Products you need, products you don’t

Our parent reviewers tell us what works, what doesn’t


From baby wipes warmers to flushing portable potty trainers, parents are bombarded with new must-have products. In our ongoing effort to help parents do the toughest job in the world, we are asking manufacturers to send us their products and passing them along to parents for testing. Here are their reviews.   Princess Cool Foam Art Kit by Fibre Craft,, $4.99 Fibre Craft makes a variety of craft and arts project kits for kids.

There are some things to like about the Cool Foam Art Kit—it is conveniently packaged with everything you need for the project—and my daughter, Claire, 4, was able to do the craft independently.

There are plenty of drawbacks, however. Chief among them: It limits children’s creativity. The posterboard has a pre-printed decoration; the child simply peels and sticks the pieces on the picture. On the upside, it can be a learning tool for matching shapes, but it takes away from the creativity of designing one’s own picture. In addition, there are lots of small pieces, which can be a choking hazard for little ones. And, while the peel-and-stick foam pieces are convenient, they leave little pieces of backing everywhere. Finally, the two glitter glue pens ran out before the picture was complete and my daughter was frustrated by how long it took the glue to dry.

Overall, I wouldn’t recommend the kits, but I would buy the foam pieces separately to decorate cards or other projects. Theresa Connolly, PARK RIDGE

Kid’s Cookie Making Set Pampered Chef,, $16.50, (800) 266-5562.

Pampered Chef makes a variety of kitchen tools, available only through Pampered Chef kitchen consultants. Check the Web site or call to find a consultant in your area.

My children loved the Pampered Chef Kid’s Cookie Making Set. They enjoy cooking with me and especially enjoyed having their own fun, colorful cookie cutters.
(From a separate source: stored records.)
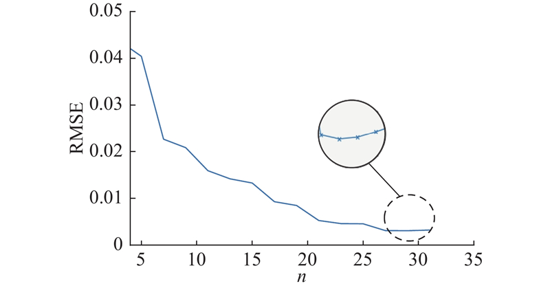 多次仿真实验得到不同多项式次数的温度场拟合结果对数均方根误差情况如表1所示. 理论上,多项式次数越大,误差越小,但由表可知,在多项式次数较高时,函数发生过拟合. 当多项式次数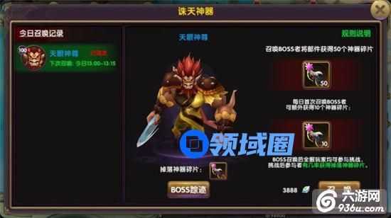 4、每天首次召唤BOOSS的玩家还可额外获得碎片;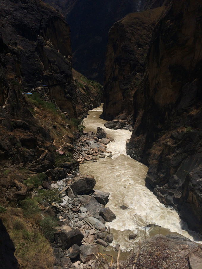 | Photo taken on May 24, 2014 shows the amazing scenery in Hutiao Gorge. Hutiao Gorge is located in the upper reaches of the Jinsha River, to the northeast of Lijiang, in southwest China's Yunnan Province. The narrowest stretch in the river is only about 30 meters across. According to a legend, a tiger failed to jump across the river at that point. The river is about 29 kilometers long, reaching 3,790 meters in depth between Jade Dragon and Haba Snow Mountains, creating one of the most spectacular deep gorges in the world.(People's Daily Online/Huang Jin) |

We have used metal cookie cutters before, but I’ve had to help them press the cutters completely through the dough. The soft handles allowed them use both hands to press the cutters into the dough. Both of my sons, ages 5 and 2, could do it without my help, and I enjoyed not worrying about a potential injury. 

The laminated recipe cards and suggestions were also great. We made most of the recipes: eggs in a frame, pb&j sandwiches, wacky waffles and, of course, cookies. When the boys can read, I think they’ll be able to follow the simple recipes themselves. 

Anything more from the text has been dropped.